Human vs JSON output formatting: avoid mixing concerns

Two of the original ideas about Unix is that each program should do one thing and that programs should be able to be combine so they consume each others' output. This led to the convention and tradition that Unix command line programs produce output that's relatively easy for other programs to parse.

In practice, this meant that output was line based, one record per line, and columns on a line were separated by white space or other characters that were easy to match on, such as colons. In simple cases this is very easy, and so it's common, but as the world gets more complicated, simple cases are sometimes not enough.

Today, it's a common request today that a Unix command line program should optionally format output in a structured format, such as JSON.

Luckily, this is easy enough to do, in most languages. In the Rust language, the powerful serde set of libraries makes this particularly easy.

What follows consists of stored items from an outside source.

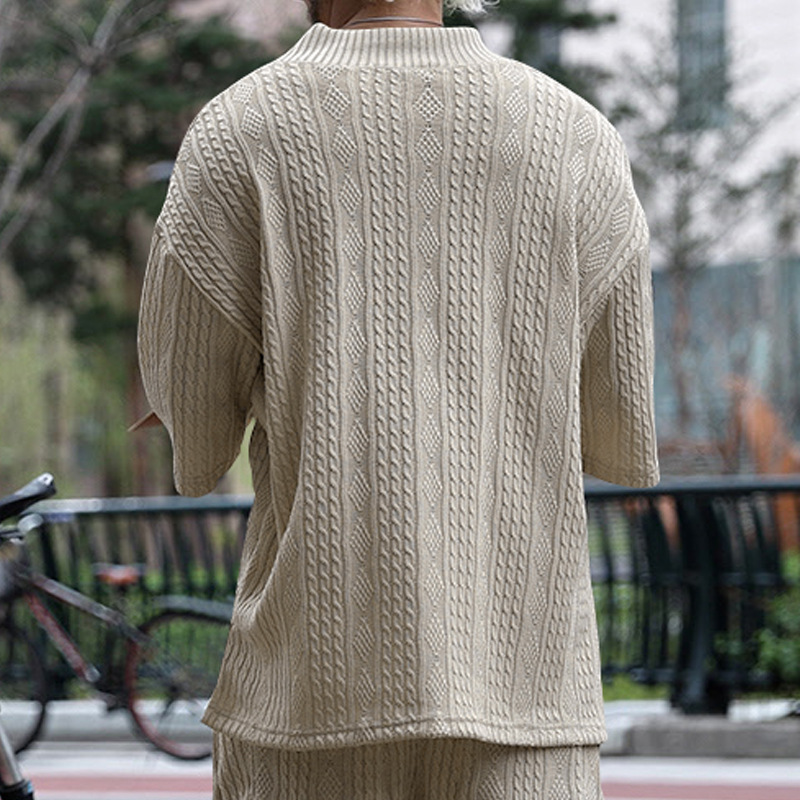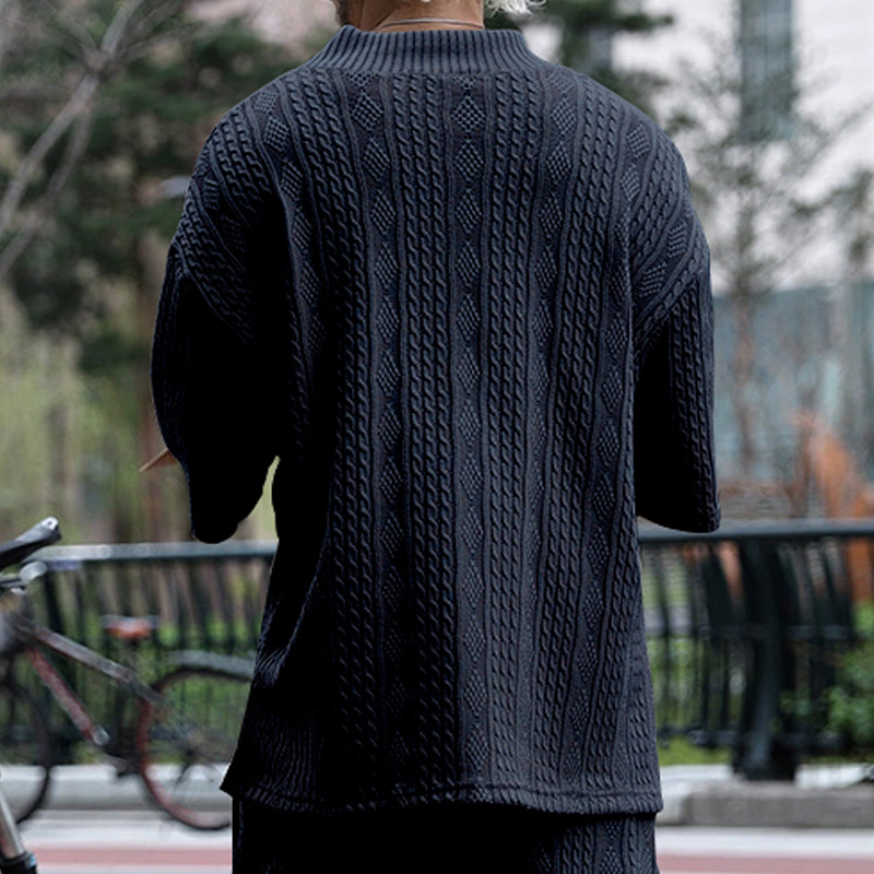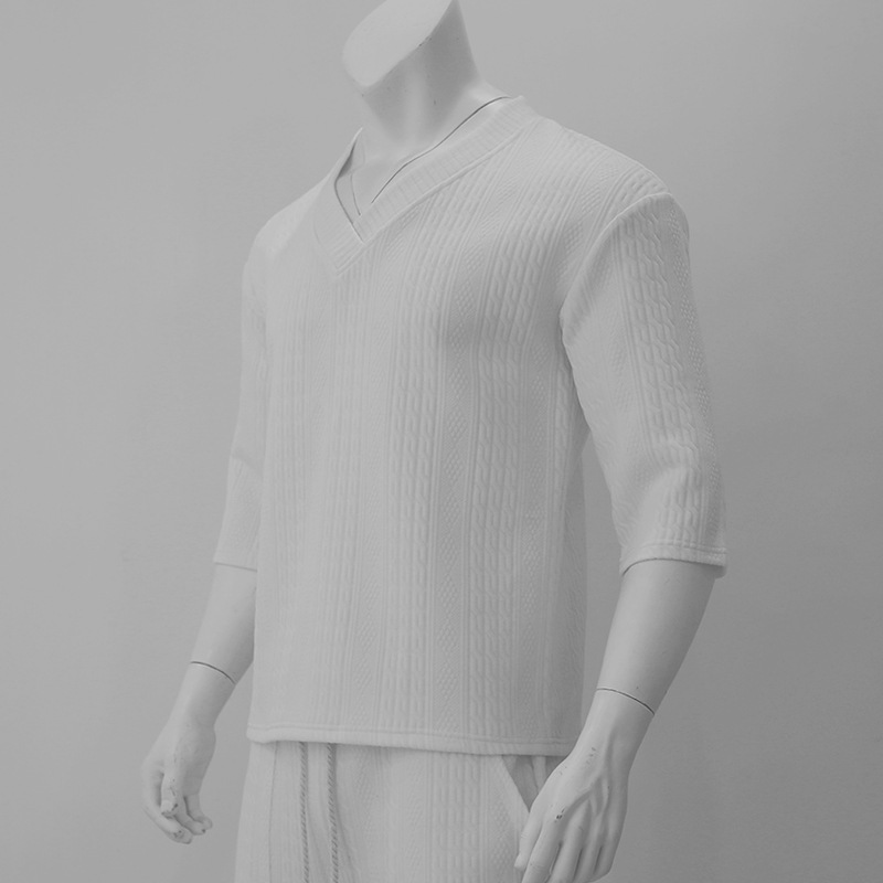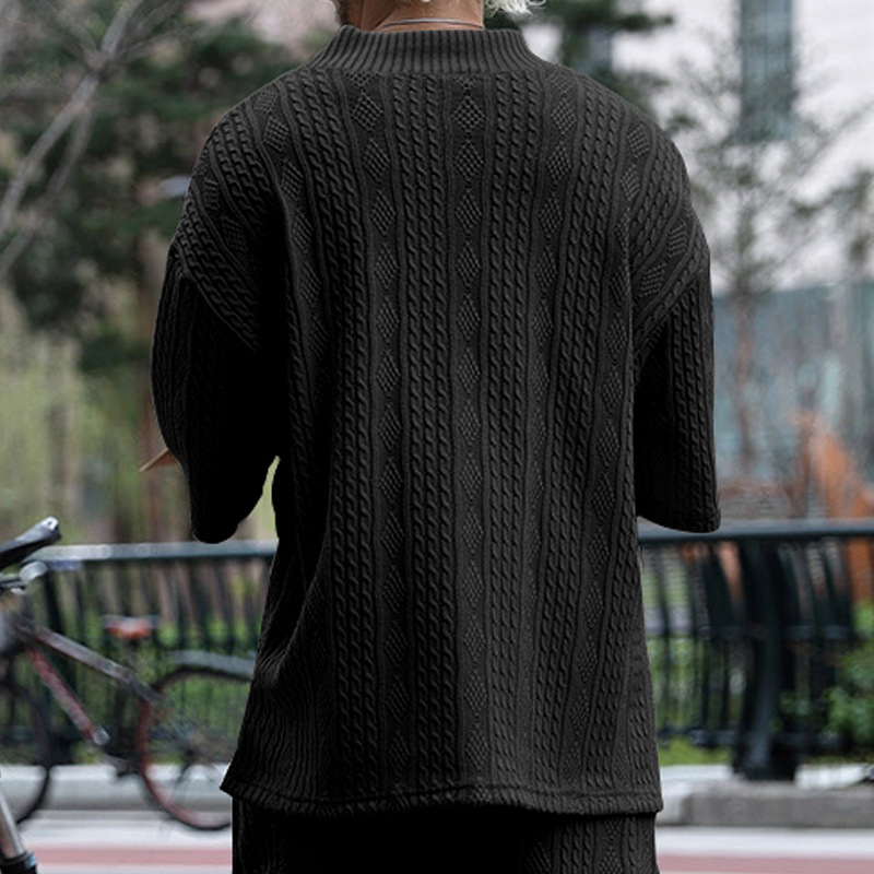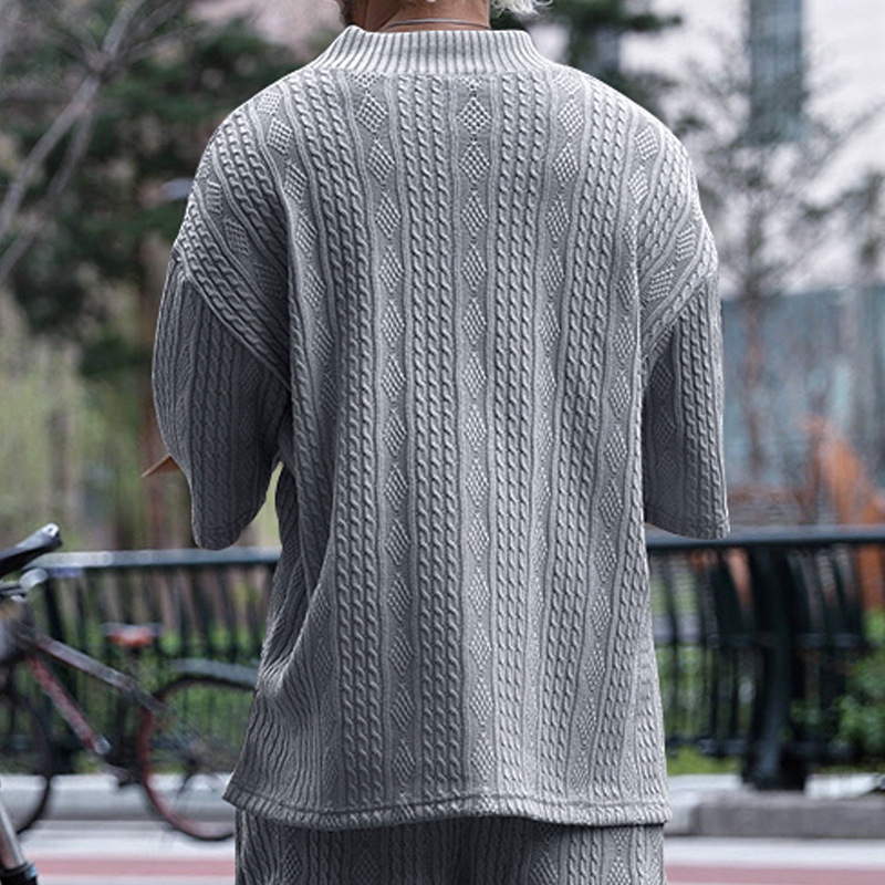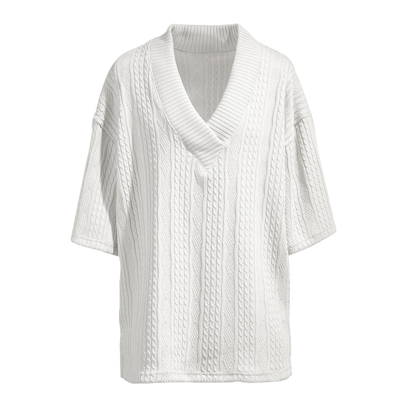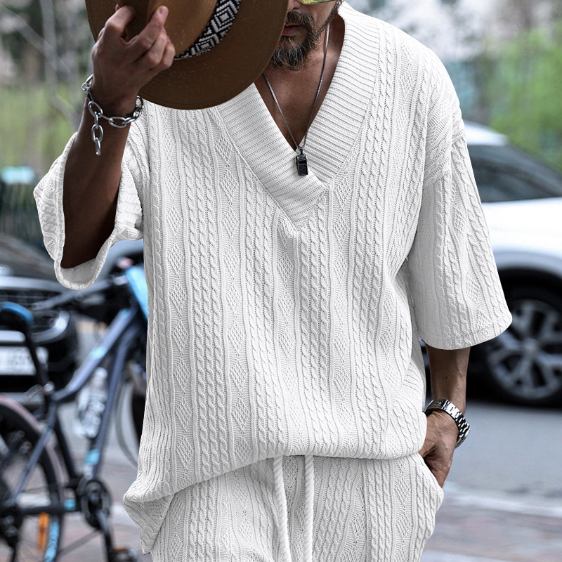 Cross-Border Camiseta de punto casual de los hombres de verano de manga corta suelta Amazon suelta gran cuello en V deportes color sólido camiseta de los hombres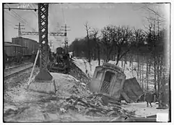 ^"9 Dead, 65 Hurt In Triple Wreck On The New Haven"(PDF). New York Times. February 23, 1916. Retrieved 2013-12-29. Local Train Smashes Into the Connecticut River Special Near Milford, Conn. Then Sidewiped By Freight. Running Back from Stalled Express to Signal, Flagman Is Killed Before Crash. Yale Alumni Aid Injured. Priests and Nuns Also Attend the Victims. Engineer May Have Run Past Block Signal. ...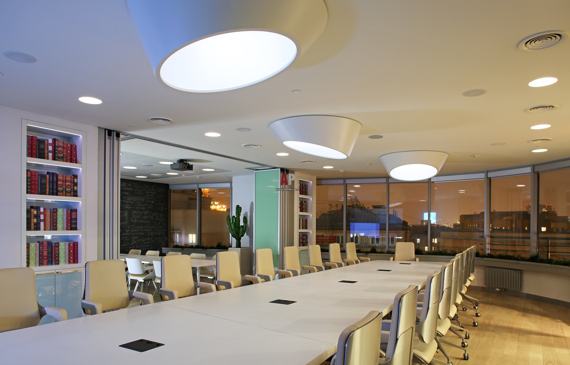 Благодаря раздвижным дверям две соседние переговорные могут быть объединены в одно большое рабочее помещение.
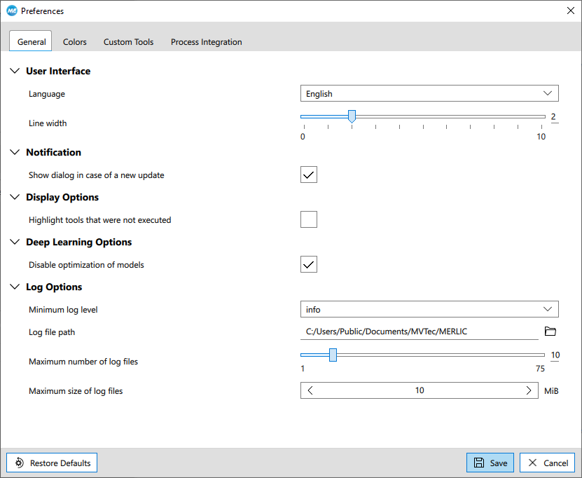 In the following, the available options in the tabs are described. For some preferences, it is necessary to restart MERLIC to make the changes effective. You can restore the default settings of the available options using the button " Restore Defaults". However, only the settings in the active tab card are restored.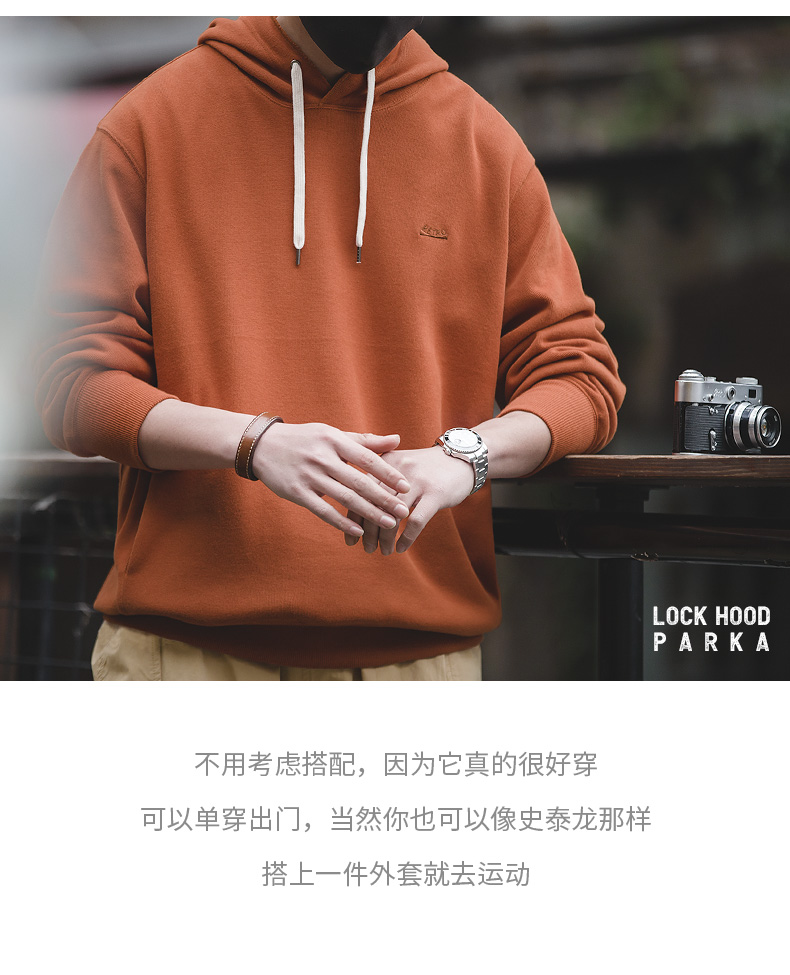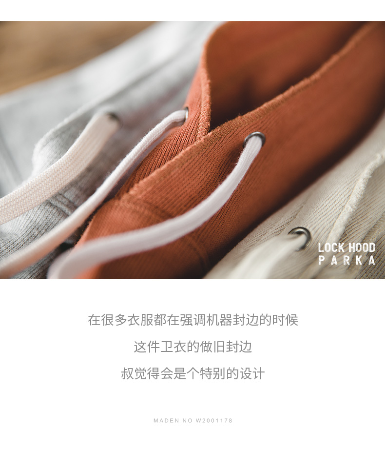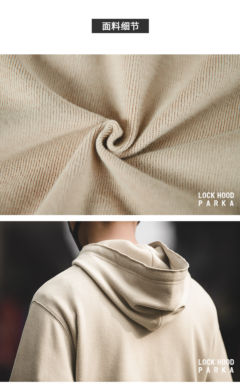 工装优选 日系复古做旧锁帽卫衣阿美咔叽纯色休闲百搭长袖男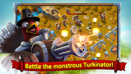 - Turkinator is here! – Battle the Leftover Legion, lead by the mighty Turkinator! His ferocious flock will leave your base in ruins!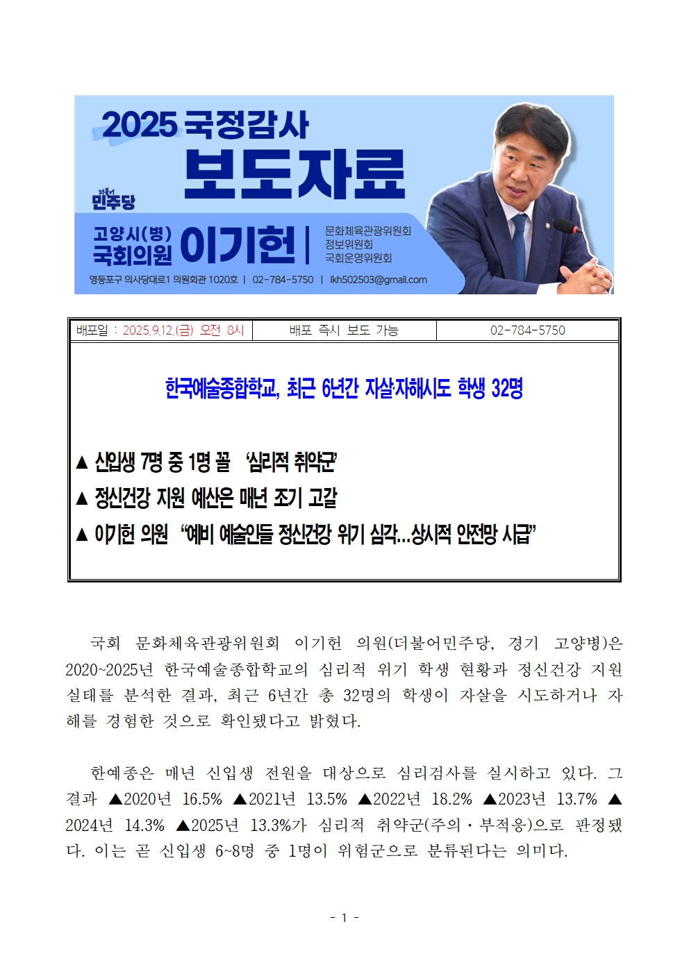 국회 문화체육관광위원회 이기헌 의원(더불어민주당, 경기 고양병)은2020~2025년 한국예술종합학교의 심리적 위기 학생 현황과 정신건강 지원 실태를 분석한 결과, 최근 6년간 총 32명의 학생이 자살을 시도하거나 자해를 경험한 것으로 확인됐다고 밝혔다.
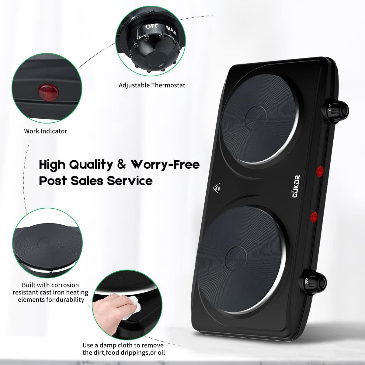 CUKOR Electric Hot Plate, Double Cast Iron 2 Burner, 1800W Countertop Burner, Dual Electric Stove Burners, Portabel Electric Cooktop, Portabel Double Burner for Cooking

However, adding JSON output support to an existing program can be tedious. A very common implementation approach is to mix the logic for figuring out what to output and the logic for how to format the output. If there's only one output format, mixing these concerns is often the simplest path forward. In very resource constrained environments it can be the only way, if there isn't enough memory to store all of the data to be formatted to output at once.

When multiple output formats need to be supported, and it's possible to store all of the output data in memory at once, I prefer to separate the concerns. First I collect all the data to be output, then I produce output in the desired output format.

As an example in the Rust language:

#![allow(dead_code)]

use serde::Serialize;

fn main() {
    let output = Output {
        name: "example".into(),
        values: vec![
            OutputValue {
                key: "foo".into(),
                value: "bar".into(),
            },
            OutputValue {
                key: "yo".into(),
                value: "yoyo".into(),
            },
        ],
    };

    println!("========================================");
    println!("humane output:");
    println!();
    println!("name: {}", output.name);
    println!("values:");
    for v in output.values.iter() {
        println!("  {}={}", v.key, v.value);
    }

    println!("========================================");
    println!("debug output:");
    println!();
    println!("{output:#?}");

    println!("========================================");
    println!("JSON output:");
    println!();
    println!("{}", serde_json::to_string_pretty(&output).unwrap());
}

#[derive(Debug, Serialize)]
struct Output {
    name: String,
    values: Vec<OutputValue>,
}

#[derive(Debug, Serialize)]
struct OutputValue {
    key: String,
    value: String,
}

This is a very simplistic example, of course, but shows how the two concerns can be separated.

I've converted a few programs to this style over the years. The hard part is always teasing apart the data collection and the output formatting. It needs to be done carefully to avoid breaking anything that depends on the existing output format.

In any new programs I write, I separate the concerns from the beginning to be kind to my future self.